Makar Sankranti is one of the major harvest festival celebrated in various parts of India. Rice being a staple food for majority of us Indians, the rice harvesting season is very important, and is a time for celebration. In India, this festival has many names like Makar Shankranti, Bihu, Maghi, Pongal etc depending on the region where it is celebrated.
In West Bengal, Sankranti, also known as Poush Sankranti named after the Bengali month 'Poush' in which it falls, is celebrated as a harvest festival Poush Parbon( on 14 January on the English calendar). Poush sankranti is special as during this time every Bengali household would prepare special sweets called 'Pithe' made from rice and date palm jaggery(khejur gur).
There are various types of Pithe, some are steamed and some are fried. Pithe,can be both sweet or savory. And some need special earthenware to prepare them. The major ingredients are always rice flour, coconut, milk, date palm jaggery.
I have grown up seeing my mother and aunts preparing for this auspicious day. It used to start with cleaning and drying the rice and sending the rice to the grinder to make the rice flour. My father used to buy the best possible date palm jaggery from the market. I still recall the aroma of those earthen pot filled with liquid jaggery.
|Jaggery in earthen pot|
Patisapta is very popular and loved by all. Patisapta has a crepe like covering stuffed with a sweet stuffing of coconut, jaggery and solidified milk.
Thinks needed to make Patisapta:
For the crepe:
- Milk: 2 cups
- Semolina/Suji: 3/4 cup
- All purpose flour: 1 cup
- Rice flour: 1/4 cup
- Sugar/Date palm jaggery: 2-3 tbsp
For the stuffing:
- Mawa/solidified milk: 1 cup
- Coconut(grated): 3/4 cup
- Date palm jaggery/sugar: 1/2 cup-3/4 cup
- Milk: 4-5 tbsp
- Ghee: To fry
- Dry fruits: To garnish
Steps of making Patisapta:
1. Mix all the ingredients for the crepe and whisk well to mix the flour properly. Cover and keep aside. I generally eye ball the ingredients, here I tried my best to give a measurement, the batter would be like a dosa-batter. Use lukewarm milk to make the batter for better result. I can share a tip from my mother, if the batter tend to stick to the pan while cooking, add more flour to the batter.
2. For the stuffing, take a pan and add grated mawa and coconut and cook over low-medium heat. Add milk gradually. As the mawa melts add date palm jaggery. The amount of jaggery depends on how sweet you want the stuffing to be. If you do not get date palm jaggery, then use sugar. Cook till all the ingredients are well blended and becomes almost dry. But it should not be very dry. If you take some of the stuffing you will be able to make balls but it will be sticky. Keep the stuffing warm.
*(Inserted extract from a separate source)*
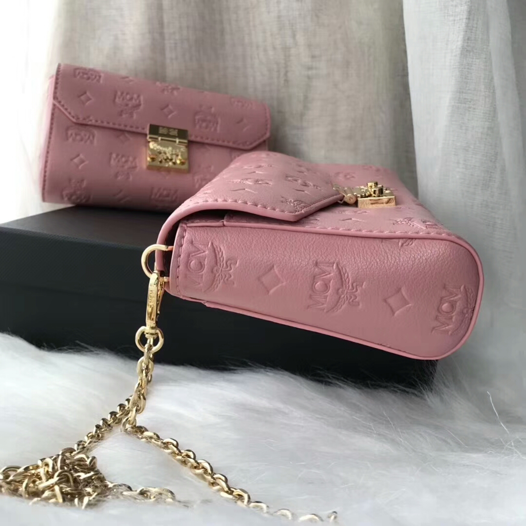 MCM Millie 19款 压花链条包(冰激凌粉)采用独特的粒面字母组合图案,上等的头层牛皮,带着淡淡的清香,是真正的时尚宠儿,标志性月桂叶包锁闭合设计更是为其锦上添花

3. Take a flat pan (better a non stick pan), brush the pan with ghee.I remember my mother used to use the head of an eggplant to spread the ghee on the cast iron tawa, while making the crepes for patisapta. Keep the pan over low medium heat and put ladle full of batter on the pan. Rotate the pan to spread the batter. Cook over medium heat for 2-3 min. Take a teaspoon of ghee and put around the crepe. The edges will start to come off the pan. Put some stuffing on one side of the crepe and start roll the crepe. Brush ghee on the crepe and fry. Some like the patisapta to be white, in that case do not fry too much and keep the heat to low while cooking. But I love the brown color so I cook till it turns nice brown.
4. You can make some kheer/reduced milk and serve the parisapta with the kheer. To make kheer, take evaporated milk in a non stick pan and keep cooking over medium flame. Keep stirring till desired thickness. Add sugar as per taste. Arrange the patisapta on the serving plate, topped with kheer and dry fruits.